Some of the oldest known writing in the world, dating to 2000 BCE, complains that kids are becoming weak, and that they’ll never make it “in the real world.” (I might have made up that last part). But it’s worth pointing out that complaints about wayward youth is at least as old as the written word. And yet every generation behaves as if this is a new thing.
Something closer to the truth is that children become healthiest when we help them see and recognize our maladaptive behaviors. As we ramp up the AI machine, we need to help them prepare for a world where AI may be ubiquitous and dangerously persuasive.
So how to promote learning and cognitive development is generating significant discussion, particularly regarding children's critical thinking skills and educational approaches. Psychology Today writes about a new book Kids These Days: Understanding and Supporting Youth Mental Health. While it doesn’t directly address AI as a vector in youth mental health, a strong and resilient sense of self, strong critical thinking skills, and adaptability are all skills that we should be exercising right now.

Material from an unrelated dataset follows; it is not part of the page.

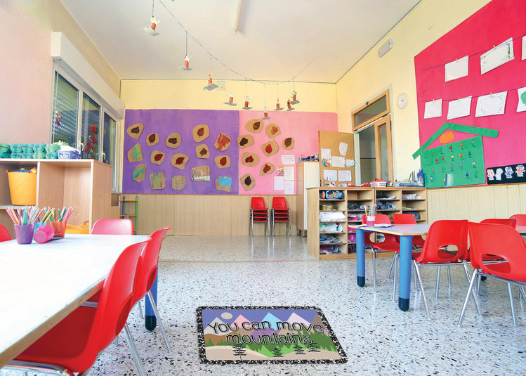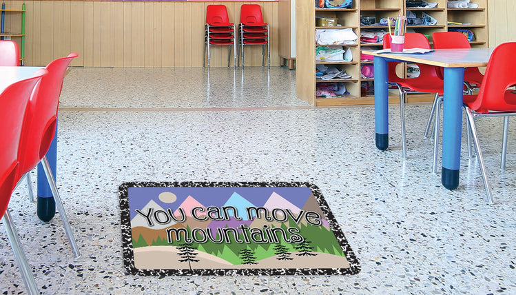 The Original Fun Mat, Welcome Mat, 15.5" x 23.5", You Can Move Mountains, Transform Your Classroom with our Vibrant Decorative Floor Mats! Elevate your learning environment with our eye-catching and durable floor mats designed to inspire and engage students. The slip-resistant, heavy rubber backing ensures safety, while the absorbent, printed soft surface makes cleaning a breeze.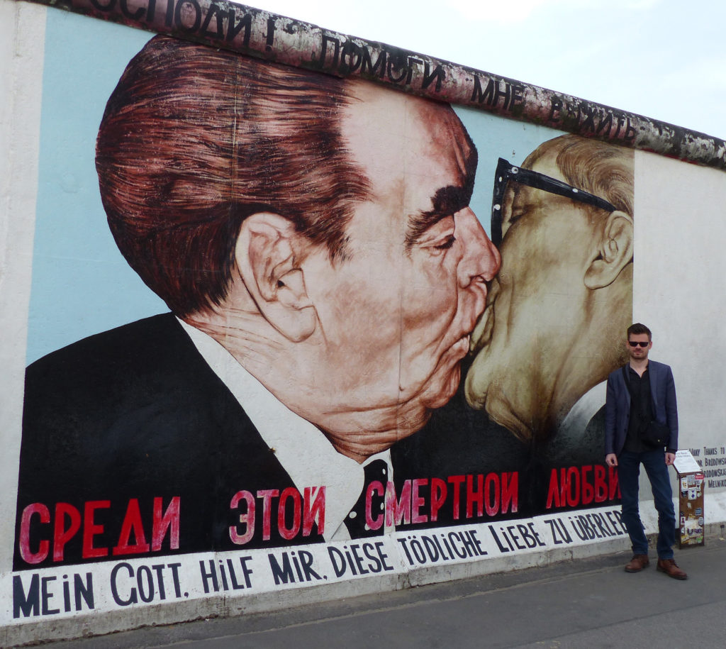 This mural depicts the famous socialist fraternal kiss between the leader of the USSR Leonid Brezhnev and the leader of the German Democratic Republic (GDR), Erich Honecker.

This is good advice for teens, whether they deal with AI or not:
It's time to stop labeling youth and recognize them as the heroes of their own stories. Whether as parents, guardians, therapists, educators, or other role models, we need to build trust and foster relationships while helping the young people in our lives negotiate the adventure of adolescence. Our kids are not broken. What really needs to change is the adults these days.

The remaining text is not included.